Told it was her fifth Tony nomination, Jackson said, “Is it really? My God. I didn’t know that. I always jib at the idea of winning. It sounds as if we overtly compete in some way. We don’t, so the winners are those who vote for those who win the award in the end. I’m not competitive in that area. I am quite competitive with myself.”

Last week when we met, she sounded lukewarm on the idea of attending the Tonys. Would she?

“I think so, yes,” Jackson said as if I had asked about how much she was looking forward to an upcoming dental appointment. “I think you’re expected to, and you’ve got to eat.”

You don’t sound very keen on the idea, this reporter said.

Jackson replied.

Of being nominated in the same category as Amy Schumer (for her role in Meteor Shower), Jackson said, “I’ve seen her on the telly. She’s very funny.”

Jackson then asked a reporter which category she had been nominated in.

“Oh well, there you go,” she said in a fairly disinterested tone when told it was a Best Actress Tony. “I knew what the categories were.
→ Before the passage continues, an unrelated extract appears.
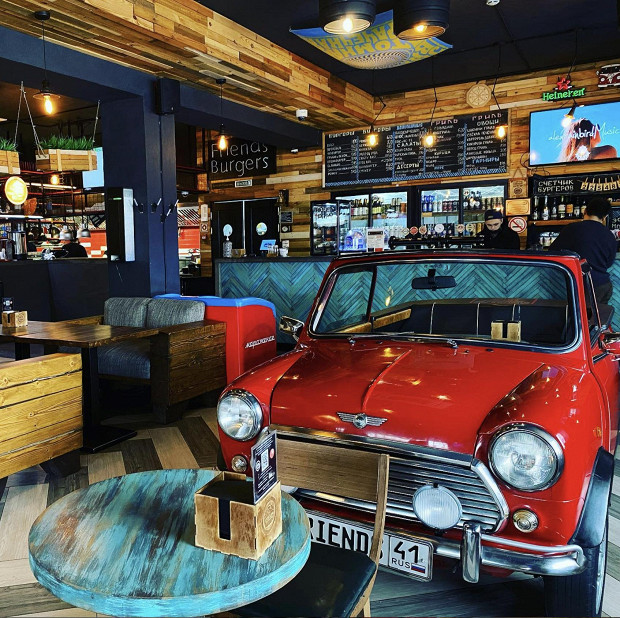 «Мясобургерная для друзей», которая сама себя называет лучшей на Камчатке. Многие согласны и советуют для нетуристического времяпрепровождения именно эту демократичную фаст-кежуал-бургерную с правильной атмосферой, хорошими котлетами и ребрами с гриля, булками собственного производства и домашними напитками. Помимо классики жанра, в заведении есть и меню из локальных продуктов, где прописаны: бургеры «Дичь» с олениной, папоротником и брусничным соусом, «Держи краба» с мясом камчатского краба, «Путина» с котлетой из чавычи и красной икрой. Отдельный номер программы — «Завтрак камчадала» из скрэмбла с крабом, бутером с подкопченной неркой или с лососевой икрой.

I wasn’t aware of the definitions.”

Well, it’s a nice way to start the day at least?

“You can’t beat today. Just look outside at the sunshine,” Jackson replied.

There are many other plays and performances she would like to see this Broadway season, but her own eight performance a week schedule means she cannot, “so I’m not going to pine about it.”

The 81-year-old actress had yet to speak to her family (son Dan, his wife, and their 11-year-old son), back home in Blackheath, south east London, where she lives in the basement flat of the family home.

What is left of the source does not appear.